Eastern Market Is Open for Business

Crowds gathered this morning to celebrate the grand reopening of the historic market on Capitol Hill.

Eastern Market was packed this morning as hundreds toured the new digs.

Hundreds gathered this morning to mark the reopening of Eastern Market. Mayor Adrian Fenty, DC delegate Eleanor Holmes Norton, Ward 6 councilmember Tommy Wells, and other local officials were on hand to commemorate the event.

The 136-year-old market in Southeast DC has been shuttered for more than two years since a fire ravaged the building in April 2007. Today, merchants opened for business in the newly improved—and air-conditioned—Eastern Market for the first time.

After a ribbon-cutting ceremony in front of the North Hall, Fenty, clad in a button-down shirt, khakis, and a red cap, made his way through the market, stopping to shake hands, pose for pictures, and chat with merchants. The masses swarmed around him, and nearly everyone was all smiles.
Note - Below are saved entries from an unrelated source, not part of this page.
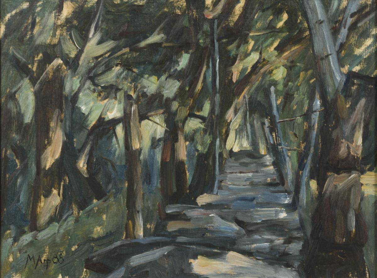 Expressive Darstellung eines Weges inmitten der Bäume bei Sonnenschein.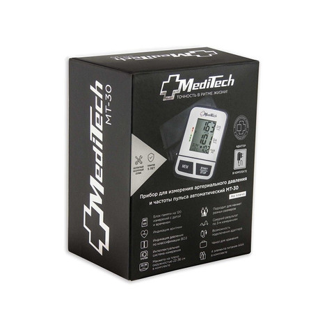 Бренд: MediTech Производитель: Medical Technology Products, Inc. США Страна происхождения: Китай Автоматический тонометр на плечо MediTech МТ-30 базовый, с адаптером, со стандартной манжетой 22-36 см и интеллектуальной системой измерения IQ system Габариты прибора, не более 140 х 90 х 48 мм Размеры торговой упаковки 160 х 125 х 85 мм Масса прибора (без элементов питания) 221 г Источник питания 4 элемента типа ААА Напряжение элементов питания 6В Срок жизни источника питания 2 месяца при трех измерениях в день Автоматический тонометр MediTech МТ-30 с адаптером в комплекте на плечо с интеллектуальной системой измерения IQ system предназначен для измерения систолического и диастолического давления и частоты пульса осциллометрическим способом. Прибор рекомендуется в качестве средства контроля артериального давления, частоты сердечных сокращений и для динамических наблюдений за этими параметрами в медицинских учреждениях и в домашних условиях. Особенности: • Технология интеллектуального измерения IQ system учитывает ЧСС (частоту сердечных сокращений) пользователя при измерении, определяет оптимальный уровень нагнетания манжеты для каждого человека, обеспечивая комфортное измерение и точный результат. Правильный уровень давления в манжете позволяет получить точный результат, избежать излишнего сжатия руки; • Память на 120 результатов измерений; • Цветная индикация давления по классификации ВОЗ позволяет оценить результат, определить нормальное давление и гипертонию 1, 2 и 3 степени; • Расчет среднего давления. В соответствии с рекомендациями ВОЗ для получения наиболее точного результата прибор рассчитывает среднее давление из 3 последних измерений; • Индикатор аритмии. Помогает выявить нарушения сердечного ритма на ранней стадии. При обнаружении аритмии на дисплее появляется специальный символ; • Большой жидкокристаллический дисплей; • В комплект входит стандартная манжета, на окружность руки 22-36 см.; • Возможность подключения манжет разного размера; • Индикация низкого уровня заряда источника питания; • Звуковая индикация начала и окончания измерения; • Сетевой адаптер в комплекте.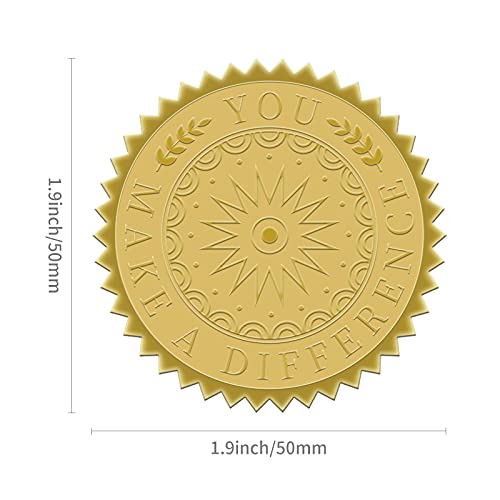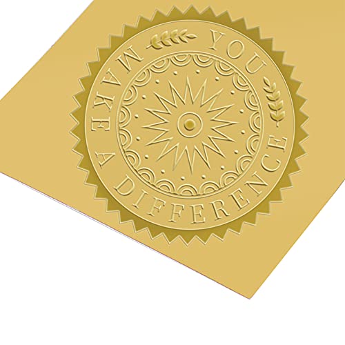 BENECREAT 100 verpakkingen reliëf goud folie stickers (u maakt een verschil) certificaat afdichtingen 5x5cm voor…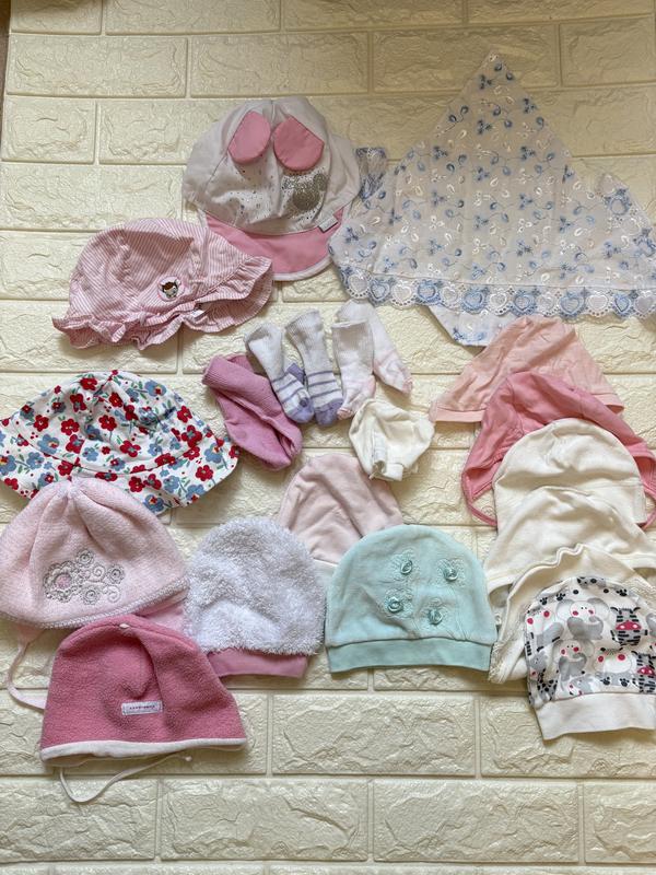 Набір лот пакет шапочки для новонародженої дівчинки 0-6 місяців панамки

A line formed quickly at Market Lunch, a breakfast and lunch spot favored among market regulars. It was rumored to be giving away crabcakes to the first 100 customers.

“One of the lunch-counter employees told me about it two weeks ago, so I put it in my BlackBerry,” said Shereyll Brooks, who works near the market. “Now I don’t think it’s going to happen. We’re too far back.”
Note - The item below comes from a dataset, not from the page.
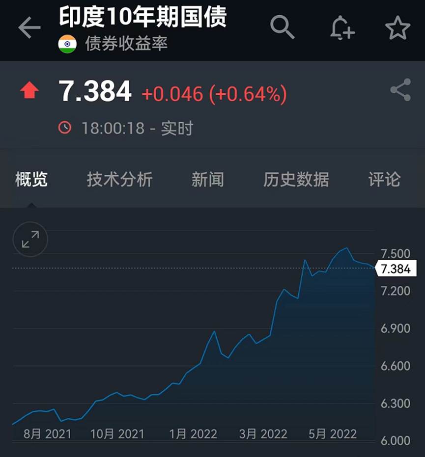 过去这一年,印度10年期国债收益率从6.3%,持续上涨到现在7.3%,这意味着印度债券也面临持续的抛售潮,价格持续下跌,资金持续流出。

Brooks said she frequents the lunch spot almost daily. Her coworker Ben Welle, who stood nearby, was looking forward to the fried chicken. “Back to work we go,” he said.

Barbara Ashby had better luck—she was one of the first in line. Ashby has been frequenting Market Lunch once a week for two decades; some days she comes for breakfast and some for lunch. When the market burned, she said, “I came over and cried.”

Ashby ordered only an iced tea, but she looks forward to perching at the long counter this weekend with her favorite lunch, soft-shell crab.

Cheese merchant Mike Bowers is thrilled to be back in the old building. All of the vendors returned to the same locations they’d occupied before the fire. Bowers and the other merchants worked with the city to redesign their workspace. Bowers’s Fancy Dairy Products has new glass display cases and a walk-in freezer, among other improvements.

Today, Bowers said, he saw lots of regulars. He added that his grandfather opened the shop in 1964, so many of his customers have known him since childhood.

“This is like a homecoming,” he said. “It’s just a really good feeling to come back to Eastern Market and once again be a part of the community in here.”